Writing

The First Few Days of Christmas

(originally written- Dec, ‘22)

it’s the first few days of Christmas, and I’m in Madrid, Spain. Never in a million years would I have predicted the way these past few days have played out but still I have been trying to hold space in my heart for gratitude.

this is not a post to share with you the wisdom I have now attained from a challenging experience, not quite. I’m going through it, I’m trying to make sense of it all. I’m trying to hope that there is a meaning to all that is happening. I feel that there is, but its vision is blurry, like trying to remember a distant dream.

what does feel evident is the sense of being-ness this period has gifted me. Things falling apart. And it has been humbling to let go of all that we had planned for what this season would be like in our lives.

i was initially very resistant. I did not want to accept or believe the situation we’ve been in. If I’m to be honest, I have been quite resistant to all the turns and changes and challenging periods 2022 has come with. I keep trying to squeeze out meaning, I keep re-planning the purpose. I tell myself, it’s hard now but it’s all for this goal so it’s okay, I just have to hang in there.

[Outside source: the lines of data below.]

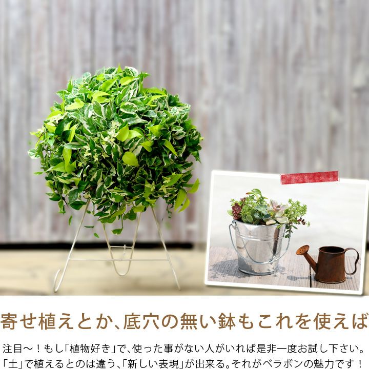 「排水穴の無い容器」や、アートの様な寄せ植え(ギャザリング)を作る事ができる、「従来にない用土」です。 我が家ではこのベラボンを使い、ビーカーやケーキカップに観葉植物を植えて楽しんでいます。 これに植えると管理が楽だし、軽いので天井から植物を吊るしたりするのに、とっても使いやすいですよ! |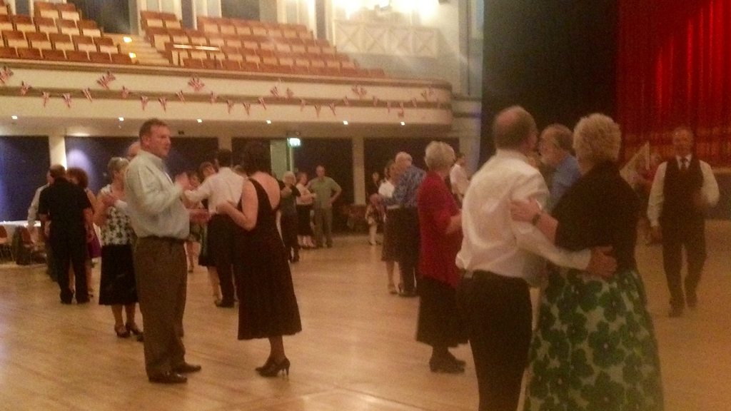 Visitors to De Montfort Hall were celebrating it's one-hundredth anniversary in style this weekend with a very special tea dance. Guests were given a tasty treat of tea and cakes, were given a lesson in ballroom dancing by Pineapple Dance Studio's Derek Hartley, and then got to strut their stuff to a live dance orchestra. BBC Radio Leicester's David Sykes gives us a taste of this toe-tapping tribute to a Leicester landmark: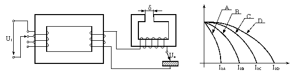 Modificarea pozitiei tronsonului miezului de fier (fig. 1.31) în sensul modificarii întrefierului d are ca efect variatia reactantei bobinei auxiliare înseriate în secundarul transformatorului ducând la modificarea curentului I2 dupa preferinta.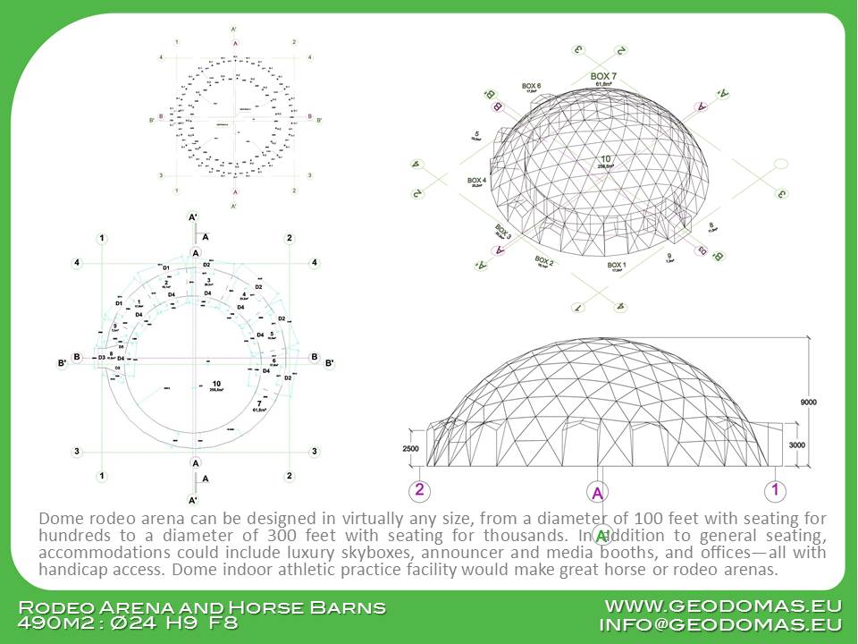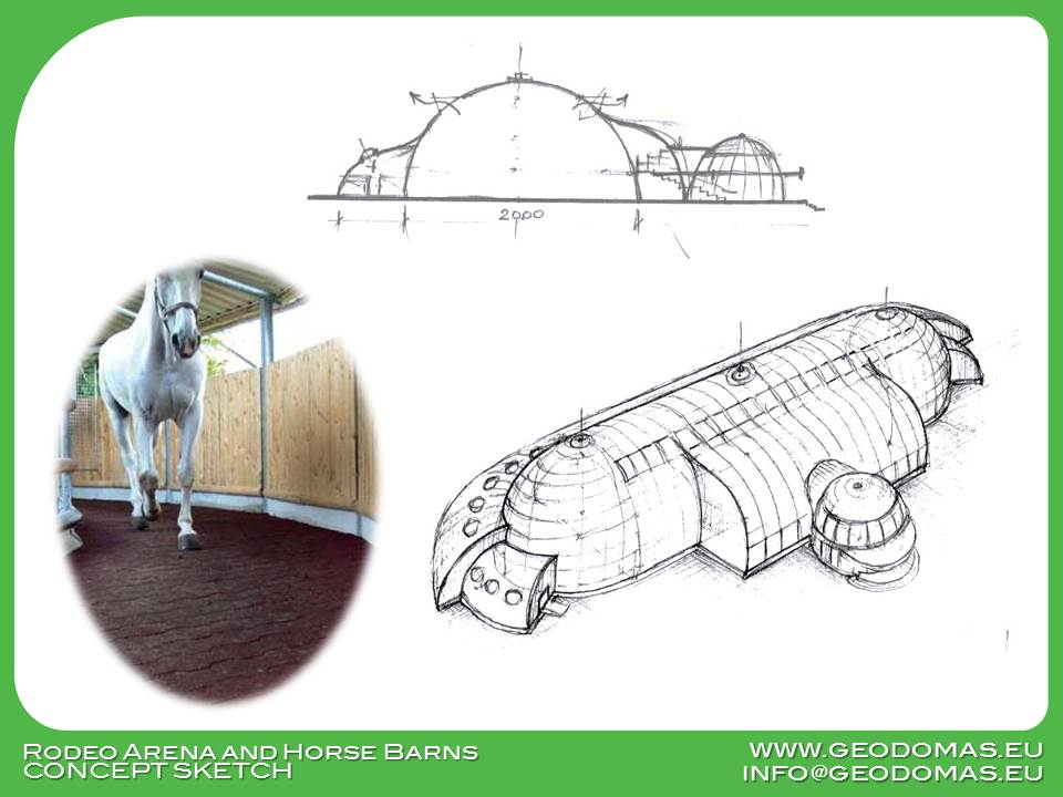 🌐 Modelis: Žirgynas + manežas kupole Ø24m

but in this period, I just feel melted. Because the reason for everything happening doesn’t feel evident, and I feel tired of trying to make sense of it all. As I let go of trying to explain my life to myself with a positive perspective, I feel relief. I feel a sense of being-ness. It feels like forever since I just let myself be. Accept the truth and not try to fast-forward through pain to reach the reason for the pain. And in being, in allowing myself to try to be in it, to try to let go of planning for the future, I somehow feel human again. I feel in touch with myself. That girl that just allowed life to happen to her.

somehow getting into the culture of manifesting, and creating the life you want and not getting lost in the challenges but instead staying positive, has made me lose touch with reality. It has also made me think that the joy comes in seeing your manifestations come to pass, but I don’t know if that’s really where the joy lies. The more I move through this reason, the more I feel that perhaps I’m not just on earth to create my perfect life and to be intentional about my manifestations, perhaps I just want to feel human. I just want to feel. I want to love, and I want to feel loved. I want to help those in pain, I want people to feel better. I want humanity to hurt less. As I write these words, I feel human again. Getting off the treadmill of focusing so much on myself, and my creations for my life, and how much pressure that has been putting on me to produce and create the perfect life.

the truth is, I don’t know what the perfect life is. I only know feelings that feel true, and moments in which I have these feelings. And sometimes, these true moments don’t come from moments or experiences I thought would create them.

being in Madrid has helped me feel human. Having to drop all I had planned, all of it, and fall into love and care for other people outside of me, has made me feel human again. In helping another I find that I am being helped. Isn’t this funny how this works out? And all along, I had a list of things I thought would induce this feeling I’ve so deeply craved for some time without even realizing it.

i find now that what I desire is feelings, essences, and flavours of emotions that I long to feel because they feel true. I long to live a life that just feels true. That feels real. That is innocently allowing for mystery (I can’t put this feeling quite in words, but I feel it). It’s not about what we think will induce these feelings, but it is in allowing oneself to flow through life, even when it’s hard that we realise these feelings that we never even knew we desired. Isn’t this the beauty of it all? Life gives you what you need, whether or not you actively try to manifest it if you just allow yourself to flow.

being in Madrid these days feels homey. I didn’t expect this, but I feel open. I feel raw. I feel here. As I move through the heavy emotions of this period, I recognize that this city I once pushed vehemently against, and an experience I tried my best to avoid, is somehow leaving an imprint on me that I feel I will never forget.

i looked out the window the other day from our apartment, and I saw this Christmas tree lit up. It just all felt surreal. And seeing this Christmas tree brought me hope and a sense of delight in that moment. Now every night, I look out the window to see if they have their tree lit up. And then I stare up at the moon, and I feel here.

as I continue on through this period, I ask for grace, patience and strength. I ask for perspective and for surrender. I ask that all be well. I’m thankful that all is well.